Leash and Cloud: L2 Punishment and the Two-Cloud Wall

==============================================================================================
  RAHUL'S ML BLOG -- notes on machine learning, worked out by hand                    est. 2026
==============================================================================================
  home | about | archive | glossary | contact
----------------------------------------------------------------------------------------------

  CHAPTER 3 . SORTING INTO BINS . PART 3 OF 4
  Leash and Cloud: L2 Punishment and the Two-Cloud Wall
  Posted: 2026-06-05 . Author: Rahul Rai . Tags: l2-regularization, lda, generative-models
  ============================================================================================

  PATH . post 8 of 28
    <- prev:  Sorting 2: The Trade Curve
       next:  Sorting 4: Picking Settings, Skewed Piles ->

  An over-confident machine is a dangerous thing, and the S-curve machine from Part 1 --
  one dial per column, multiply and add, squash the sum into a 0-to-1 chance -- has
  a streak of it.

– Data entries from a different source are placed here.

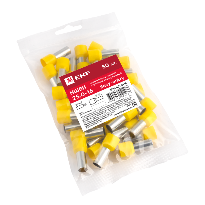 Наконечник штыревой втулочный изол. НШвИ 25.0-16 (уп.50шт) EKF nhvi-25.0-16 фото в каталоге от BTSprom.by
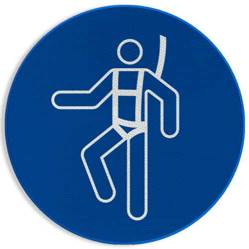 Veiligheidspictogram M018 - Veiligheidsharnas verplicht - reflecterend
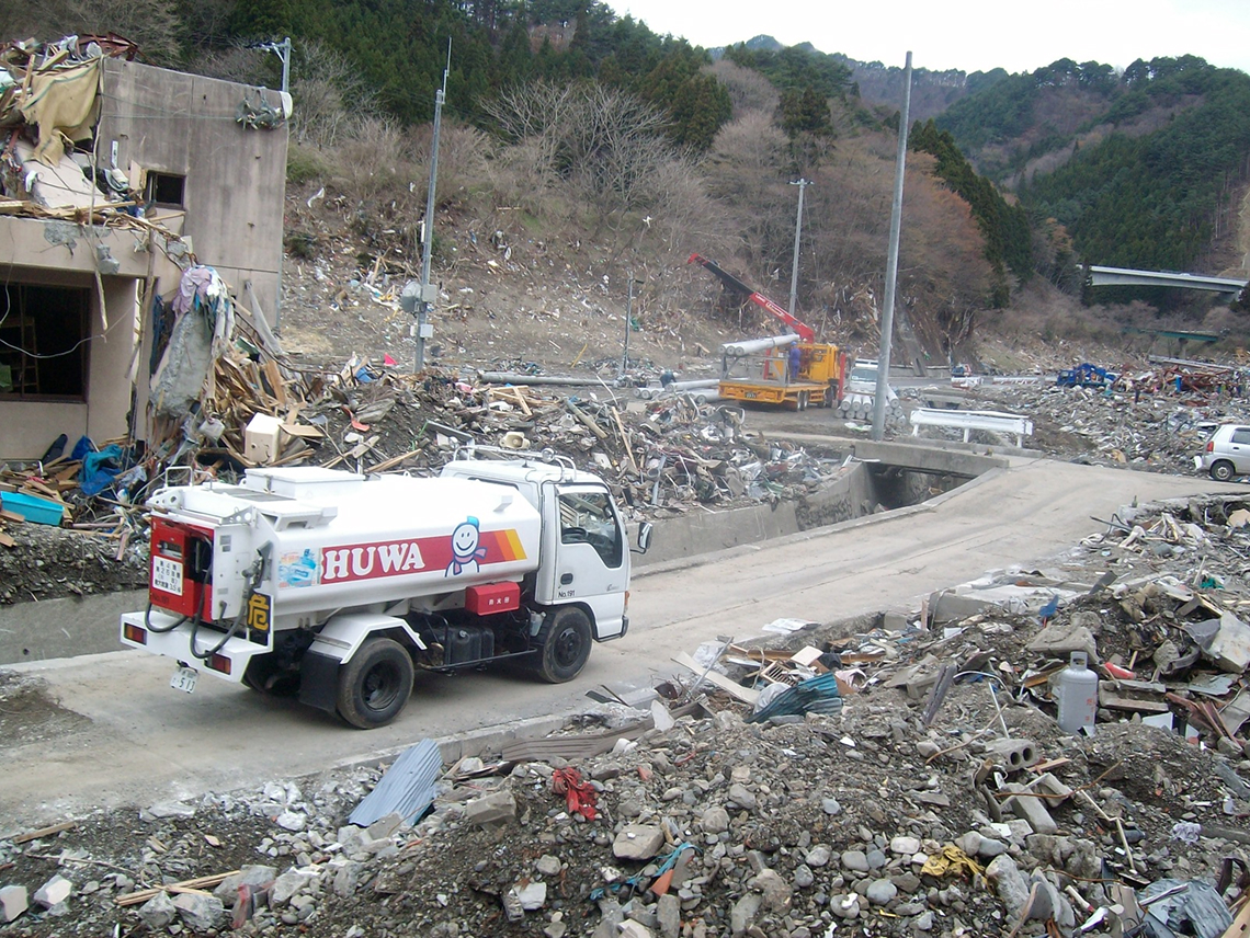 2011年3月11日「東日本大震災」発生後、シューワ株式会社は、内閣府からの要請を受けて約3か月間、岩手県で復興支援活動を行いました。この経験を踏まえ、2012年6月にシューワ株式会社にて災害時を想定した石油燃料の保管と配送を専門で行う「BCP事業部」が発足しました。 -
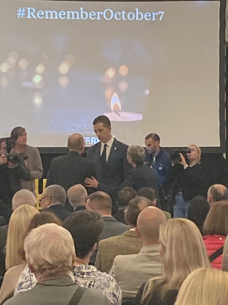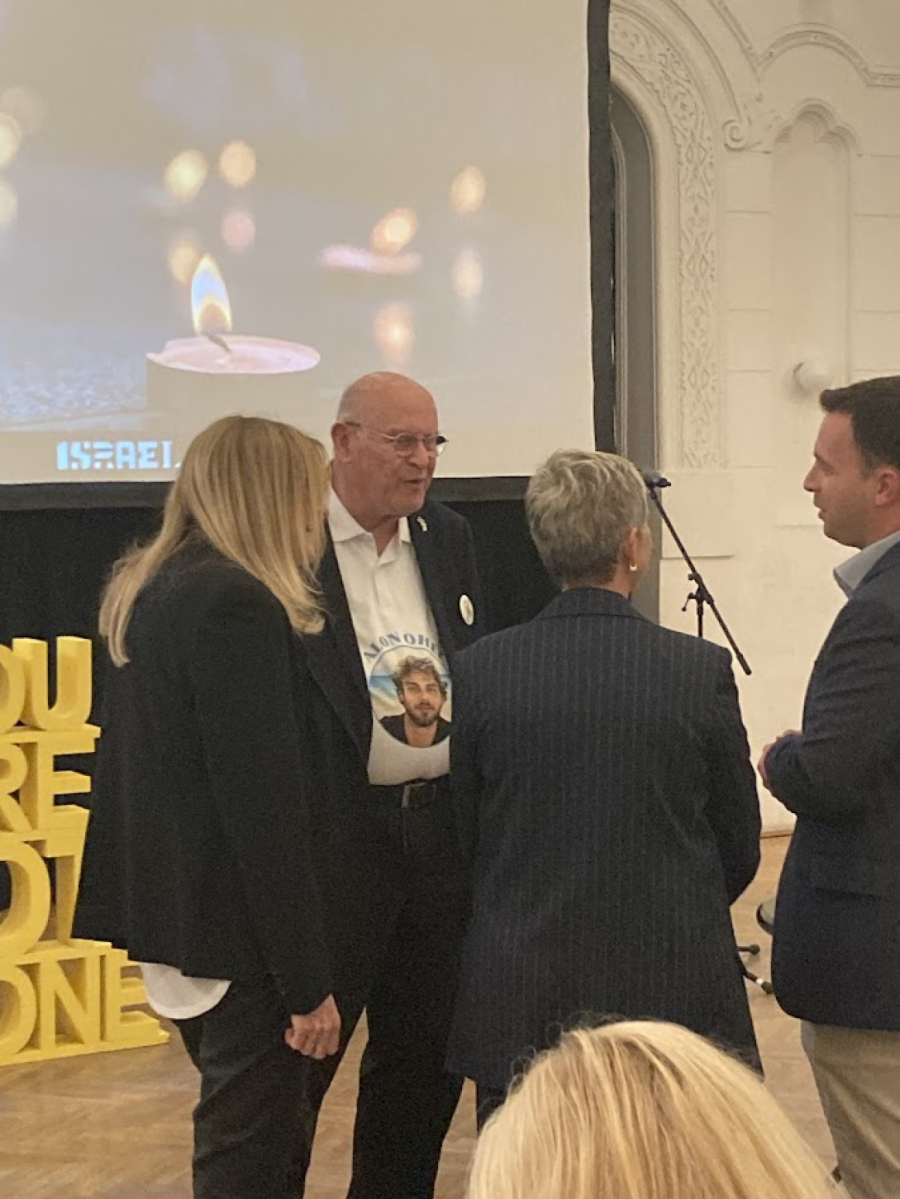 Nakon nje prisutnima se obratio deda Alona Ohela, koji je jedan od stotine mladih koji su kidnapovani tog 7. oktobra. On se zahvalio svima koji stoje uz njegovu porodicu u "ovim teškim trenucima".
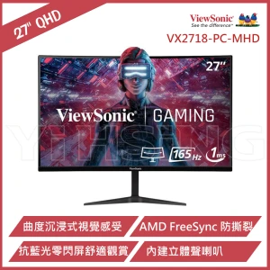 ViewSonic 優派 VX2718-2KPC-MHD 27型 VA 2K 180Hz 曲面電競螢幕(1500R/內建喇叭//FreeSync/1ms)
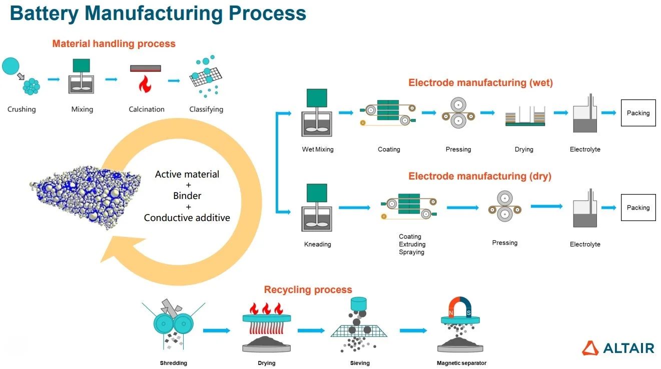 EDEM技術可全面模擬電池製造過程,包括粉碎、混合、篩分、壓實、煅燒、乾燥、分離等,幫助優化工藝流程。從活性材料(Active material)、黏合劑(Binder)和導電添加劑(Conductive Additive)的處理,到電極製造與回收,精確預測各步驟影響,提高效率並減少成本。
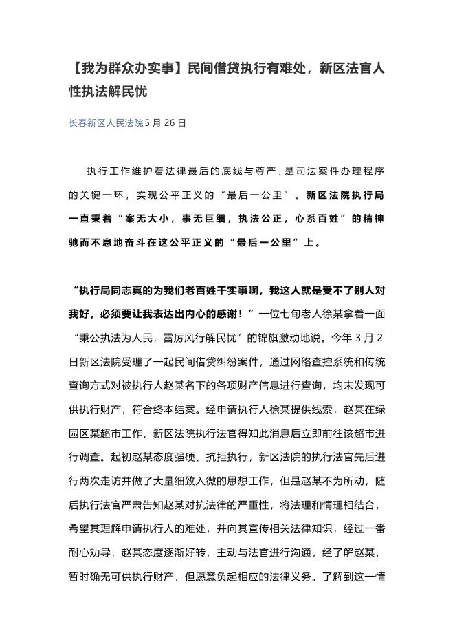 【我为群众办实事】民间借贷执行有难处,新区法官人性执法解民忧.docx
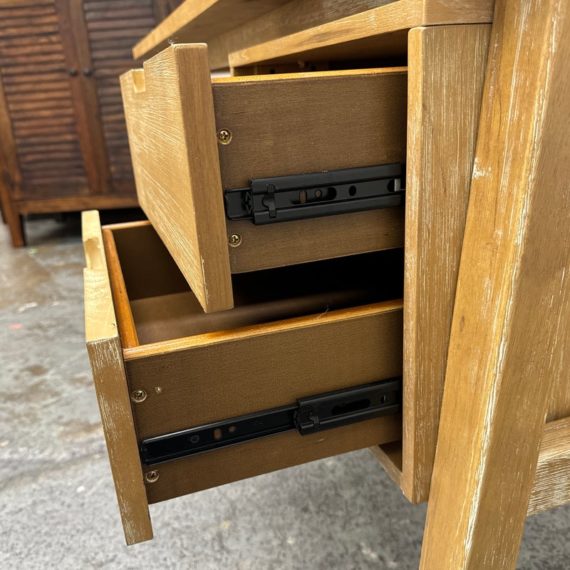 Design Plus Gallery presents a Writing Desk from World Market. Made from mango wood, it has a simple design style and is great for a kids room. Two drawers for organization to the right side. Surface wear is present but overall in good condition.
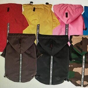 Puppia waterproof hooded raincoat with reflective tape on shoulders and back/ adjustable string and stoppers on hood, sleeves and bottom
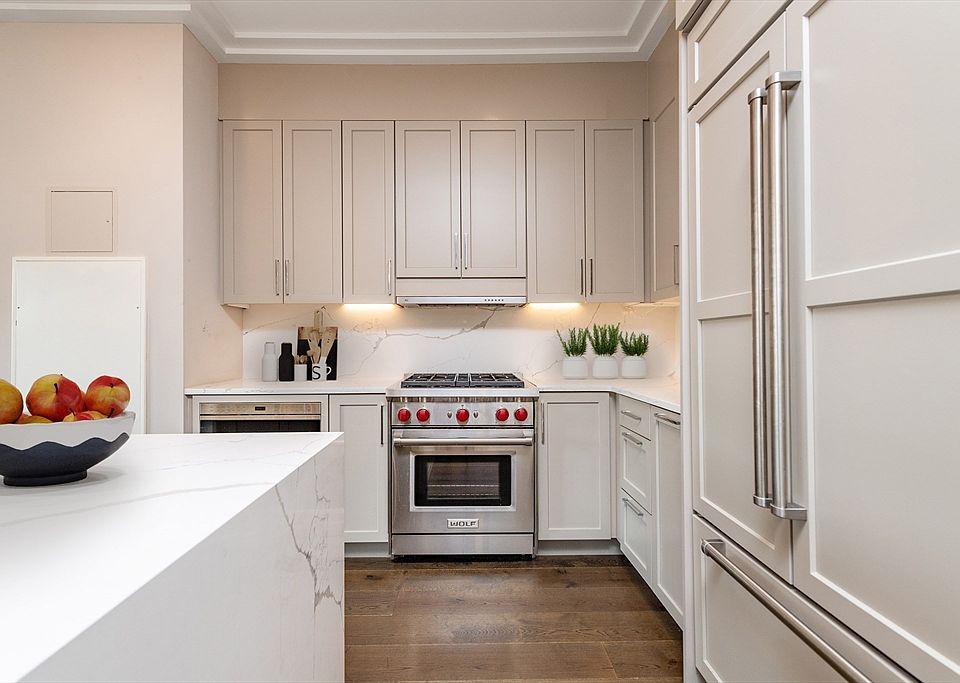 - Features: Flooring - Hardwood, Countertops - Stone/Granite/Solid, Kitchen Island, Stainless Steel Appliances, Lighting - Pendant, Crown Molding
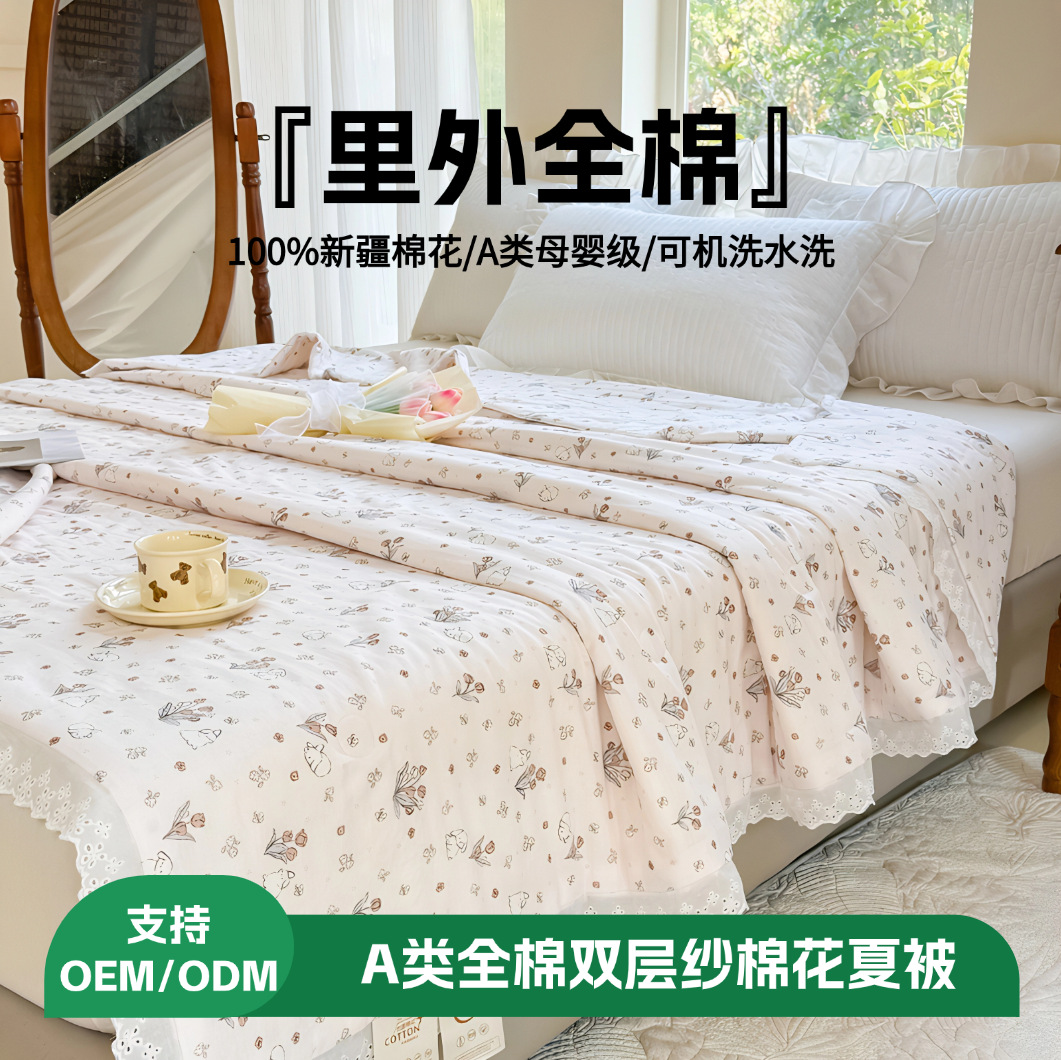 クラスA綿二重糸レース純綿サマーキルト小花柄サマークールエアコンキルトクロスボーダーメーカー直販刺繍

It sets its dials by rolling downhill on the cross-entropy leftover
  (the score that charges it for each lump by how confidently wrong its chance was), and
  left to its own devices nothing stops a single dial from ballooning to 50 if that is
  what makes the study pile fit. A dial that large means the machine has fallen for one
  column and stopped listening to the other twenty-nine -- it aces the practice exam and
  then freezes on a lump it has never seen. Confident, and wrong, which is the worst way
  to be.

  This post is about humbling it, two different ways. The first keeps the same machine but
  puts it on a TIGHTER leash. The second throws the machine out entirely and tries a
  completely different temperament -- one that never rolls downhill at all, but instead
  steps back, looks at the SHAPE of the two groups, and draws the wall in a single stroke.

  >> NOTE: THE PART 1 BASELINE ALREADY HAS A LEASH
     Worth saying up front, because it surprises people: LogisticRegression() in sklearn is
     NOT a free machine. Its defaults are penalty='l2', C=1.0 -- so the Part 1 baseline
     already carries an L2 leash of medium strength. This post is therefore not "no leash
     vs leash"; it is MEDIUM LEASH (C=1.0) vs TIGHTER LEASH (C=0.1). To see a genuinely
     unleashed machine you would have to pass penalty=None explicitly.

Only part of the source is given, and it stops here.